Implementation Architecture
This page describes the technical implementation and architecture of the node-event-storage library — specifically the /src directory and its components, the relationships between them, and the key design decisions behind them.
Source Directory Layout
| File / Directory | Role |
|---|---|
EventStore.js |
Public API facade — manages streams, commits, consumers, and concurrency |
EventStream.js |
Iterable / Node.js Readable wrapper around a positional index |
JoinEventStream.js |
Merges several EventStream instances into one globally-ordered stream |
Consumer.js |
Durable event consumer with at-least-once / exactly-once delivery semantics |
Watcher.js |
Reference-counting singleton that watches a directory for file-system changes |
WatchesFile.js |
Mixin that wires a file to a Watcher instance and re-reads it on change |
Clock.js |
Monotonic microsecond clock for per-event timestamps |
IndexEntry.js |
Binary layout of one index record (partition, position, size, sequence number) |
util.js |
Shared helpers: assertions, HMAC, matcher serialization, alignment maths |
Storage.js |
Facade — re-exports WritableStorage (default) and ReadOnlyStorage |
Partition.js |
Facade — re-exports WritablePartition (default) and ReadOnlyPartition |
Index.js |
Facade — re-exports WritableIndex (default) and ReadOnlyIndex |
Storage/WritableStorage.js |
Append-only storage with write buffering and a global primary index |
Storage/ReadableStorage.js |
Base class for read access: sequential scan, dirty reads, HMAC verification |
Storage/ReadOnlyStorage.js |
Read-only storage that reacts to new files written by a sibling writer process |
Partition/WritablePartition.js |
Append-only single-file partition with a write buffer and torn-write detection |
Partition/ReadablePartition.js |
Buffered reading, document header/footer parsing, and metadata deserialization |
Partition/ReadOnlyPartition.js |
Read-only partition that uses WatchesFile to detect appended data |
Index/WritableIndex.js |
Builds and persists a binary position-list index; detects index/data divergence |
Index/ReadableIndex.js |
Positional range lookups with binary search; loads and verifies stored matchers |
Index/ReadOnlyIndex.js |
Read-only index variant that polls for appended entries via WatchesFile |
Architecture Overview
The library is organized into four layers plus a set of shared utilities:
- API Layer — the public surface (
EventStore,EventStream,JoinEventStream,Consumer). - Storage Layer — coordinates multiple partitions and their indexes; enforces the single-writer lock.
- Partition Layer — wraps individual append-only data files; owns the write buffer.

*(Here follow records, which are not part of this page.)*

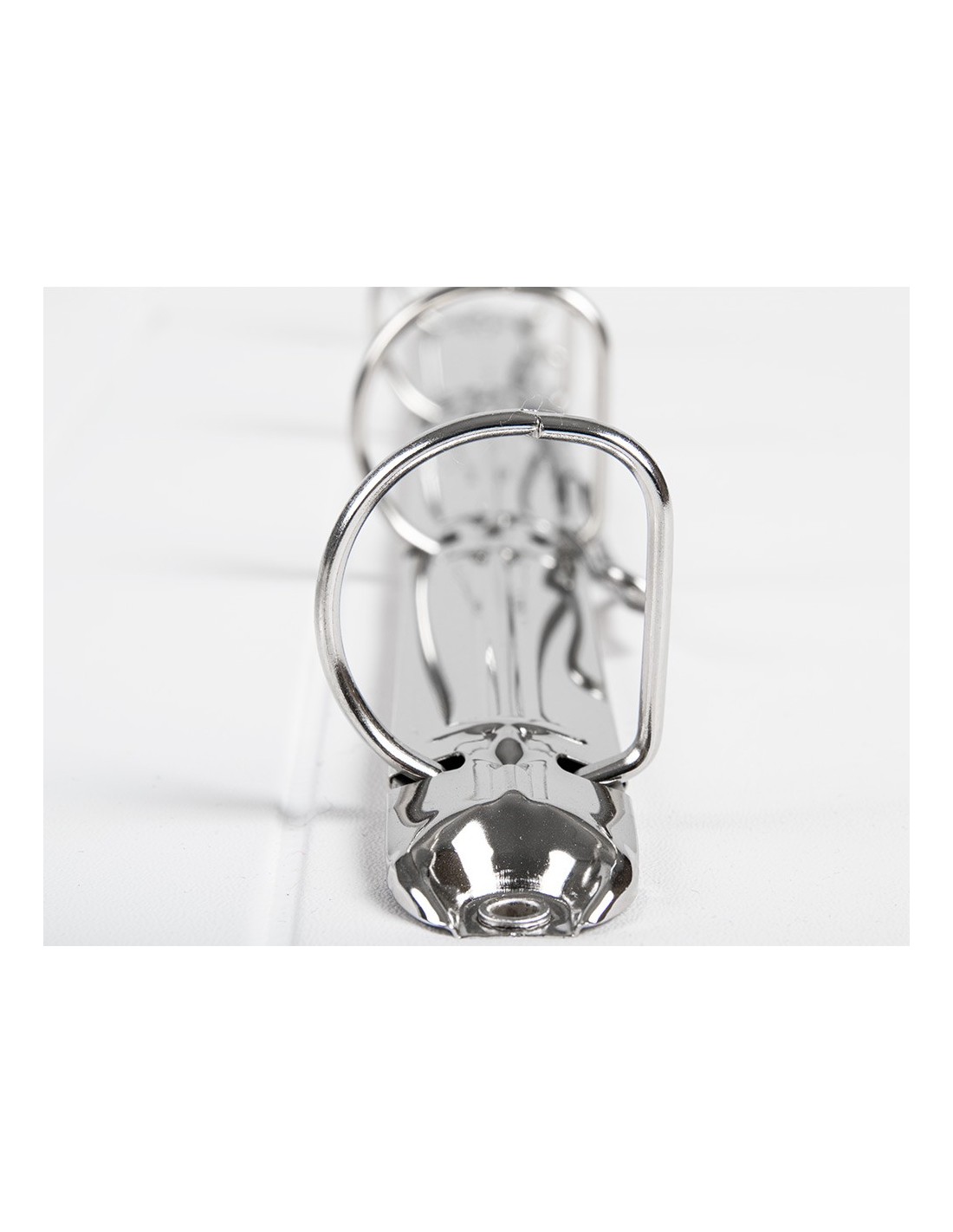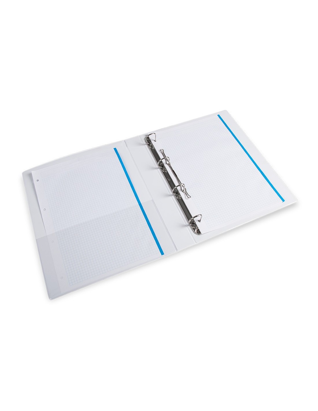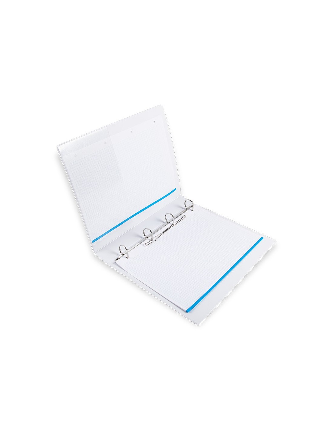 Carpeta fabricada en cartón forrado en plástico soldado de color blanco. 5 mm de grosor. Con funda transparente soldada en su interior. Carpeta con funda en la portada, contraportada y lomo que permite su personalización e identificación. Anillas mixtas. Con compresor metálico. Formato DIN A4. Medidas: 283 x 320 mm.
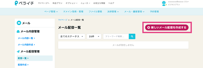 メルマガ管理画面トップに戻り、右上にある「新しいメール配信を作成する」をクリックして、メール作成画面を開きます。
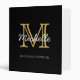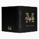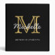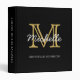 Modern, minimalist black and gold personalized name monogrammed binder. It features a monogram initial in serif style font and pretty handwritten first name text template in gold, white color on black background. Great personalized gift for back to school, professional work, home office, and recipe binder. If you need help or matching items, please contact to me.
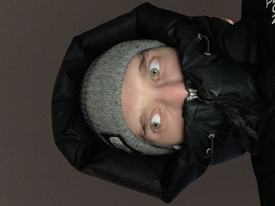 A person wearing a gray beanie and a black puffer jacket with the hood up stares intently at the viewer. The jacket is zipped up to the chin, obscuring the lower half of the face. The person's eyes are wide and light green. The image is rotated, giving the impression of looking up at the subject from a low angle. The background is dark and indistinct.
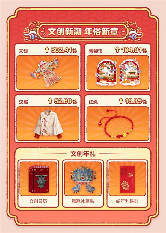 随着新一代消费者文化自信的持续增强,过节穿汉服、逛博物馆已成为一道“新年俗”,平台博物馆、汉服、红绳等饱含民族文化风情的商品GMV分别同比增长104.01%、52.60%和16.35%,文创也在今年崛起,GMV同比增长302.41%,凤冠冰箱贴、蛇年利是封成为品类销冠,过去常出现在纪录片里的文化符号已经成为年轻人感受新春的新方式。
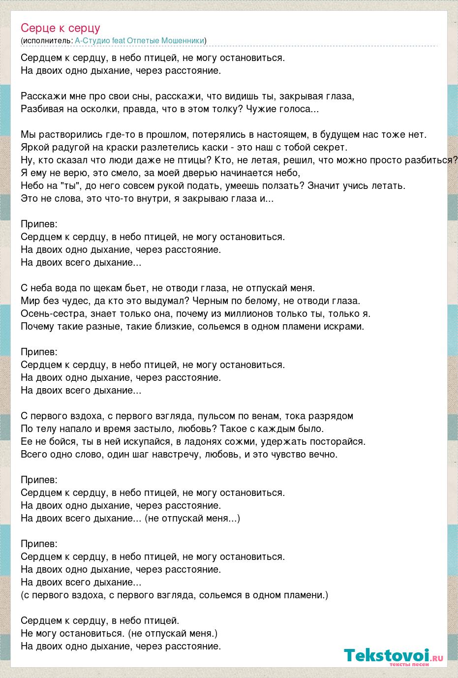 Сердцем к сердцу, в небо птицей, не могу остановиться. На двоих одно дыхание, через расстояние. Расскажи мне про свои сны, расскажи, что видишь ты, закрывая глаза, Разбивая на осколки, правда, что в этом толку? Чужие голоса... Мы растворились где-то в прошлом, потерялись в настоящем, в будущем нас тоже нет. Яркой радугой на краски разлетелись каски - это наш с тобой секрет. Ну, кто сказал что люди даже не птицы? Кто, не летая, решил, что можно просто разбиться? Я ему не верю, это смело, за моей дверью начинается небо, Небо на "ты", до него совсем рукой подать, умеешь ползать? Значит учись летать. Это не слова, это что-то внутри, я закрываю глаза и... Припев: Сердцем к сердцу, в небо птицей, не могу остановиться. На двоих одно дыхание, через расстояние. На двоих всего дыхание... С неба вода по щекам бьет, не отводи глаза, не отпускай меня. Мир без чудес, да кто это выдумал? Черным по белому, не отводи глаза. Осень-сестра, знает только она, почему из миллионов только ты, только я. Почему такие разные, такие близкие, сольемся в одном пламени искрами. Припев: Сердцем к сердцу, в небо птицей, не могу остановиться. На двоих одно дыхание, через расстояние. На двоих всего дыхание... С первого вздоха, с первого взгляда, пульсом по венам, тока разрядом По телу напало и время застыло, любовь? Такое с каждым было. Ее не бойся, ты в ней искупайся, в ладонях сожми, удержать посторайся. Всего одно слово, один шаг навстречу, любовь, и это чувство вечно. Припев: Сердцем к сердцу, в небо птицей, не могу остановиться. На двоих одно дыхание, через расстояние. На двоих всего дыхание... (не отпускай меня...) Припев: Сердцем к сердцу, в небо птицей, не могу остановиться. На двоих одно дыхание, через расстояние. На двоих всего дыхание... (с первого вздоха, с первого взгляда, сольемся в одном пламени.) Сердцем к сердцу, в небо птицей. Не могу остановиться. (не отпускай меня.) На двоих одно дыхание, через расстояние.
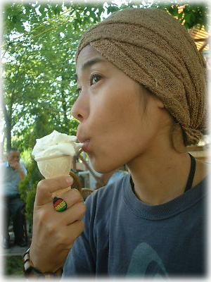 トルコの名物菓子のひとつ、伸び〜るアイス。ダンダルマと言って、味は普通のアイスなんだけど、なぜか粘性がある。なんだか顔まで伸びてる? |
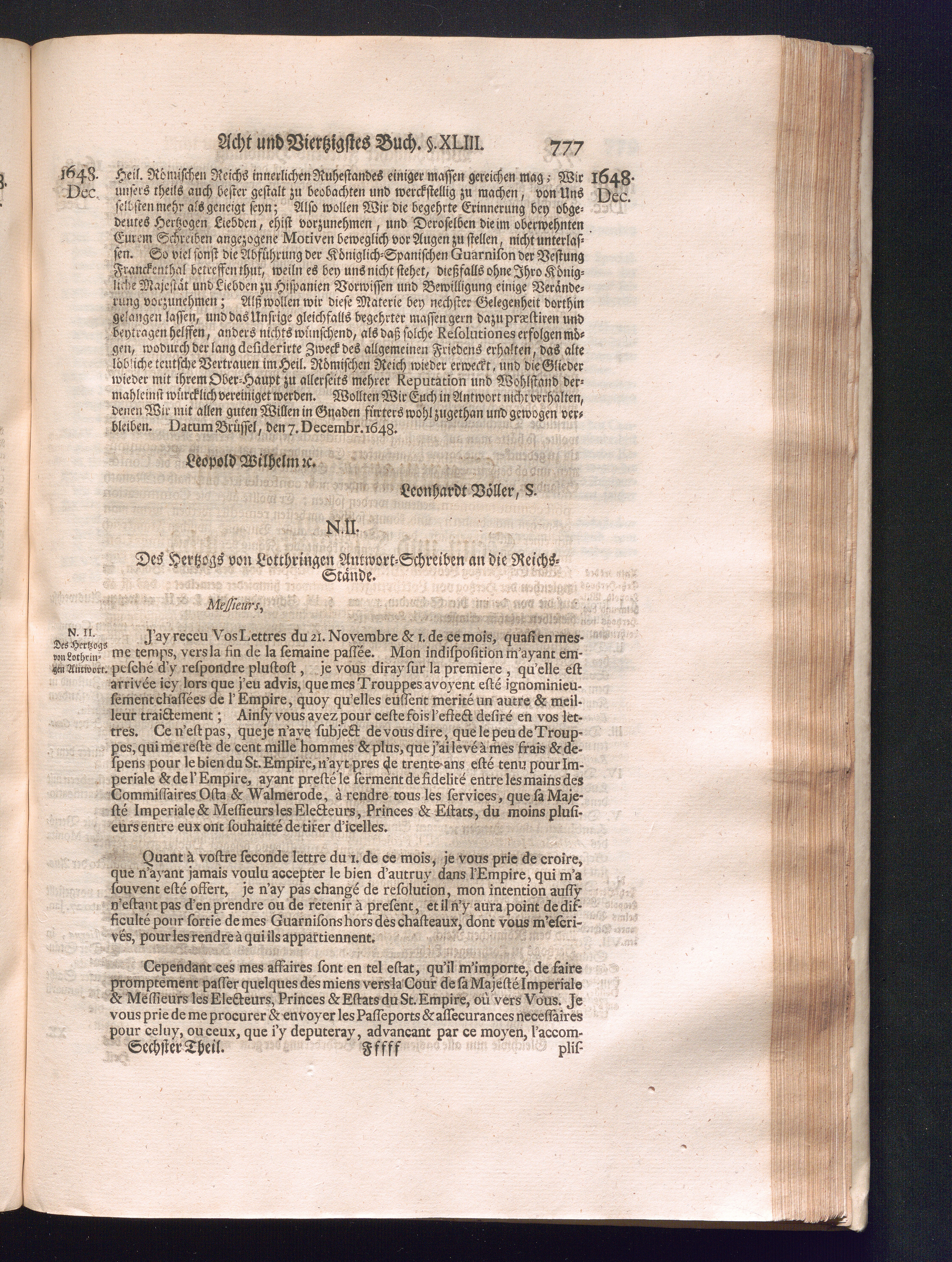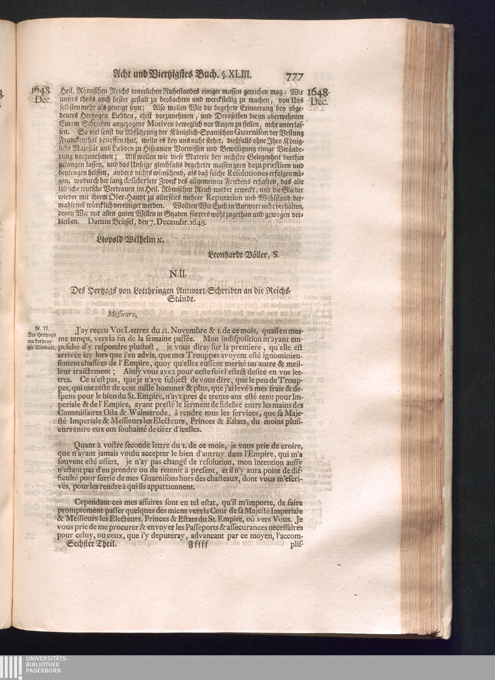 Sechster Theil (1736) Worinnen enthalten ist, was vom Monath Junio des Jahrs 1648. biß zu dem, im Jahr 1649. völlig erfolgten Schluß und Ende des Universal-Friedens-Congressus zu Oßnabrück und Münster, gehandelt und geschlossen worden

- Index Layer — maintains lightweight per-stream byte-position lists; enables O(log n) range queries.
- Utilities —
Clock,IndexEntry,Watcher,WatchesFile, andutil.

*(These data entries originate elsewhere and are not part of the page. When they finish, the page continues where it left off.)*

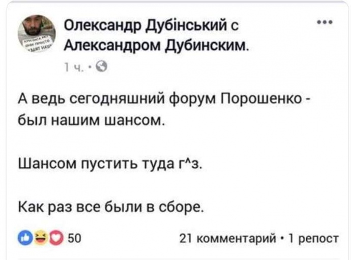 - Коментуючи висловлювання Зеленського народна депутатка "Євросолідарності" Софія Федина та волонтер Маруся Звіробій, наголошували на неприпустимості такої поведінки президента, звинувачували його у спробі капітуляції перед агресором та припускали, що може статися із Зеленським на передовій. "Там ненароком може взірватися граната, а ще там обстріли бувають.. Було би найкрасивіше, щоб це все сталося під час московського обстрілу, коли дехто в білій чи голубій сорочечці припреться на передову", – сказала зокрема Федина.
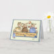 This card can be customised as an announcement as well as congratulations on the birth of triplets. Three whimsical folk art bears sitting on top of a sign saying "Welcome Triplets!", which is decorated with a baby bottle and a rattle. A cute design, and don´t forget to buy the matching postage stamps as well!
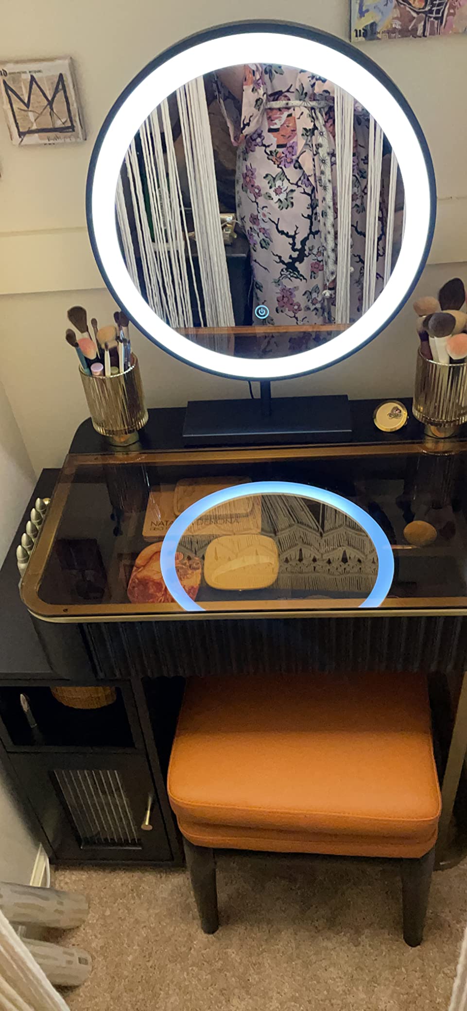 [Touch Screen Mirror with 3-Color LED Light] Mirror can be switched between cool white, warm white and warm yellow. No flicker and dazzling, create exquisite makeup and leave you a professional dressing room experience at home! The high-definition round mirror clearly shows your beauty from a large angle.
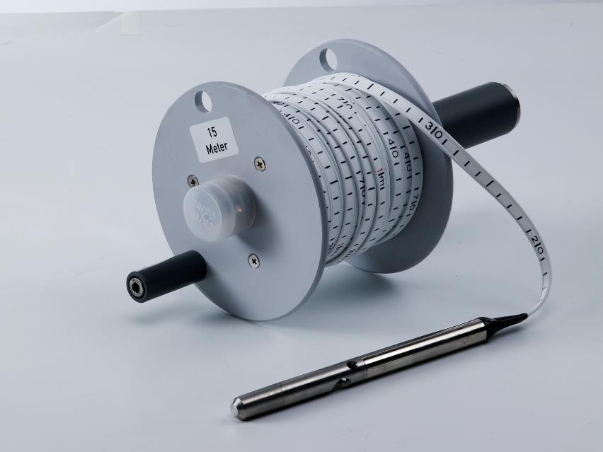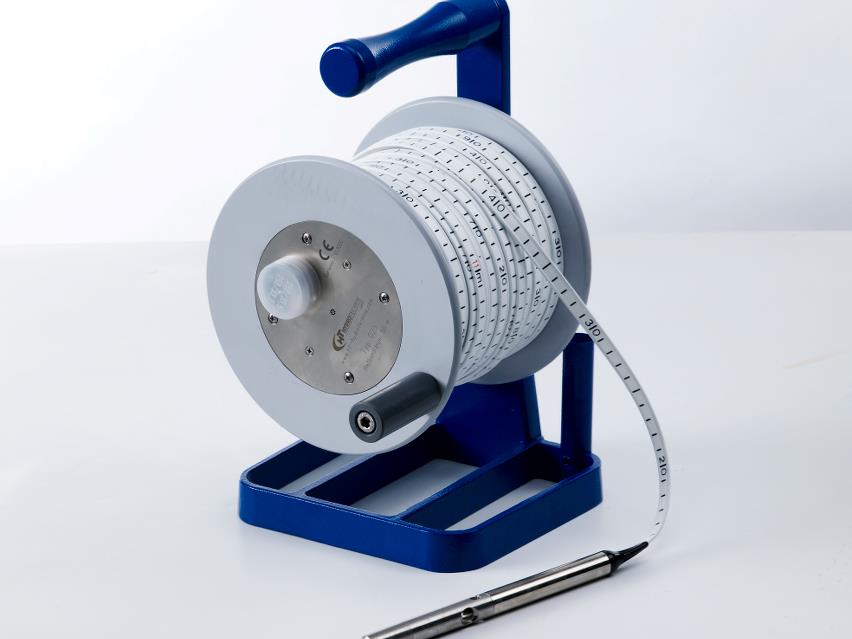 Water level and probe depth measurements are read off the Solinst durable flat tape, which is accurately laser marked each millimeter.
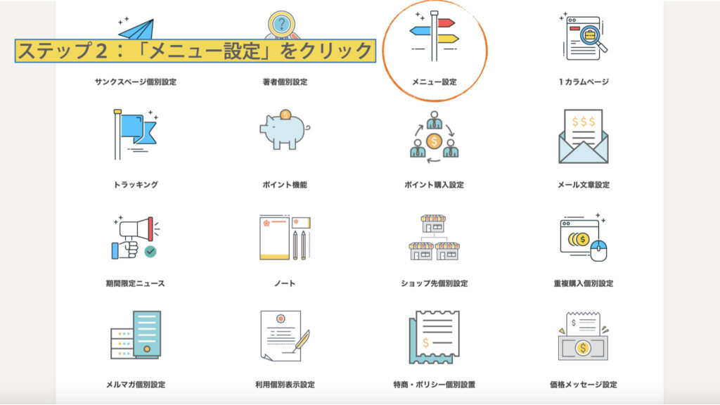 「メニュー設定」をクリック
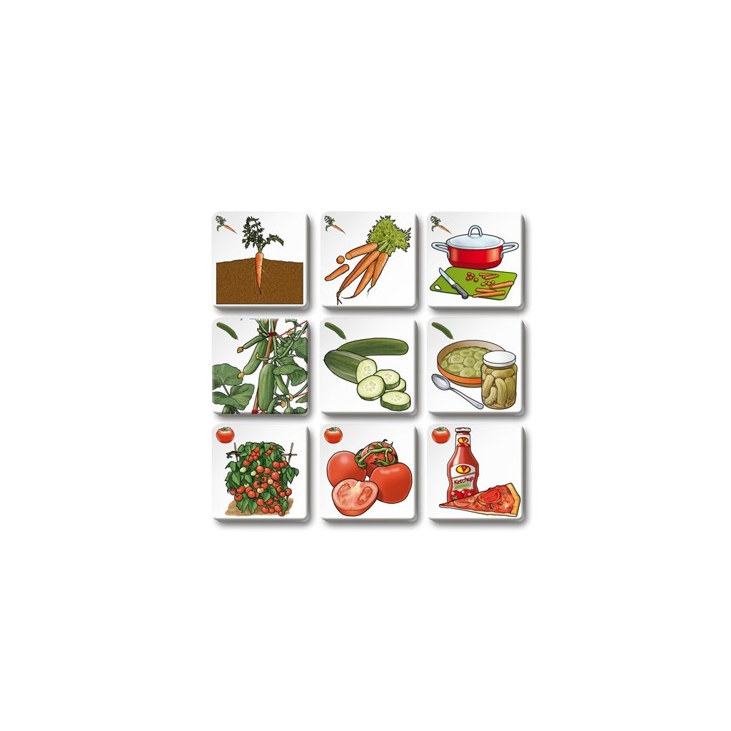 Pexetrio OVOCIE A ZELENINA je didaktická a zábavná hra, v ktorej sa naučíte poznávať rôzne druhy ovocia a zeleniny a zistíte, čo sa z nich vyrába. Balení obsahuje 3 hry: hru Pexetrio Hru LOTO-TRIO se dvěma herními plány Hru Mini Encyklopedie 36 kartiček a návody CZ / SK na všech 9 herních variant.Dodatočné parametre

Within each of the Storage, Partition, and Index layers there are three variants with a common inheritance chain:
Writable ──extends──▶ Readable / Base
ReadOnly ──extends──▶ Readable / Base
The diagram below shows the key relationships between the four layers. Arrows (──▶) indicate a uses / coordinates relationship.

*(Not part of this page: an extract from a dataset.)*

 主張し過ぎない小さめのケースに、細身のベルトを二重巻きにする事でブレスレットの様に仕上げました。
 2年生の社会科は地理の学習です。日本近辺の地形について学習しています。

Note: Each layer box represents all variants within that layer (Writable, Readable, ReadOnly). The per-variant inheritance chain and utility components are detailed in the tables above and the component descriptions below.
Component Descriptions
EventStore
EventStore is the top-level API class. It owns a WritableStorage (or ReadOnlyStorage) instance, creates EventStream objects on demand, and exposes the commit() method that writes one or more events atomically with optimistic-concurrency checking. It also manages Consumer lifecycles and fires preCommit / preRead hook events.
EventStream
EventStream is a Node.js Readable (object mode) wrapped around a positional ReadableIndex range. It never reads ahead from the file; it only fetches documents when the consumer calls read() or when data is piped downstream. Supports minRevision / maxRevision bounds and reverse iteration.
JoinEventStream
JoinEventStream merges several EventStream instances into a single globally-ordered stream by always yielding the event with the lowest sequence number across all inputs — a k-way merge. Used to build category streams and cross-aggregate projections.
Consumer
Consumer is a durable, resumable event processor. It persists its current read position (and optionally a state snapshot) to disk after each successfully processed event. This gives at-least-once delivery semantics by default; calling setState() instead of advancing the position manually provides exactly-once semantics (position and state are written atomically). Consumer wraps a ReadableStorage and does not require a WritableStorage.
Watcher / WatchesFile
Watcher is a reference-counting singleton around fs.watch for a directory. WatchesFile is a small mixin that connects an Index or Partition instance to a Watcher, allowing read-only components to detect when the underlying file has been extended by a writer in another process.
Clock
Clock provides a monotonically increasing microsecond timestamp. It internally tracks the last returned value and increments it if the wall-clock has not advanced, ensuring a strict total order for up to 1 million events per second.
Storage Layer
| Class | Purpose |
|---|---|
ReadableStorage |
Base class; scans existing partition files, opens ReadOnlyIndex / ReadOnlyPartition instances, provides readFrom() and index iteration. |
WritableStorage |
Extends ReadableStorage; adds a file-based lock, WritablePartition, WritableIndex, the global sequence counter, and commit(). |
ReadOnlyStorage |
Extends ReadableStorage; attaches a Watcher to the data and index directories so that events written by a sibling WritableStorage process are automatically discovered. |
Partition Layer
| Class | Purpose |
|---|---|
ReadablePartition |
Buffered file reader; parses the binary document envelope (header + footer) and validates commitId / commitSize for torn-write detection. |
WritablePartition |
Extends ReadablePartition; manages the in-memory write buffer, stamps each event with a Clock value, and flushes to disk (optionally calling fsync). |
ReadOnlyPartition |
Extends ReadablePartition; uses WatchesFile to re-read the file when it grows, enabling live streaming in a separate process. |
Index Layer
| Class | Purpose |
|---|---|
ReadableIndex |
Loads a binary position-list file into memory; provides O(log n) find() and O(1) range iteration; verifies persisted matcher HMACs. |
WritableIndex |
Extends ReadableIndex; appends new IndexEntry records on every commit and detects divergence between the index and its data partition on open. |
ReadOnlyIndex |
Extends ReadableIndex; uses WatchesFile to pick up entries appended by a remote writer and emits an append event for ReadOnlyStorage. |
Technical Decisions
Synchronous API
All write and read operations are synchronous. Node.js is single-threaded, and within a single thread synchronous I/O for small, sequential appends is significantly faster than going through the event-loop machinery required for async callbacks or Promises. Removing async boundaries also means the consistency model is simpler: a commit() call either succeeds or throws — there are no interleaved writes between awaited steps, and callers never need to reason about concurrent mutations of the same in-memory state.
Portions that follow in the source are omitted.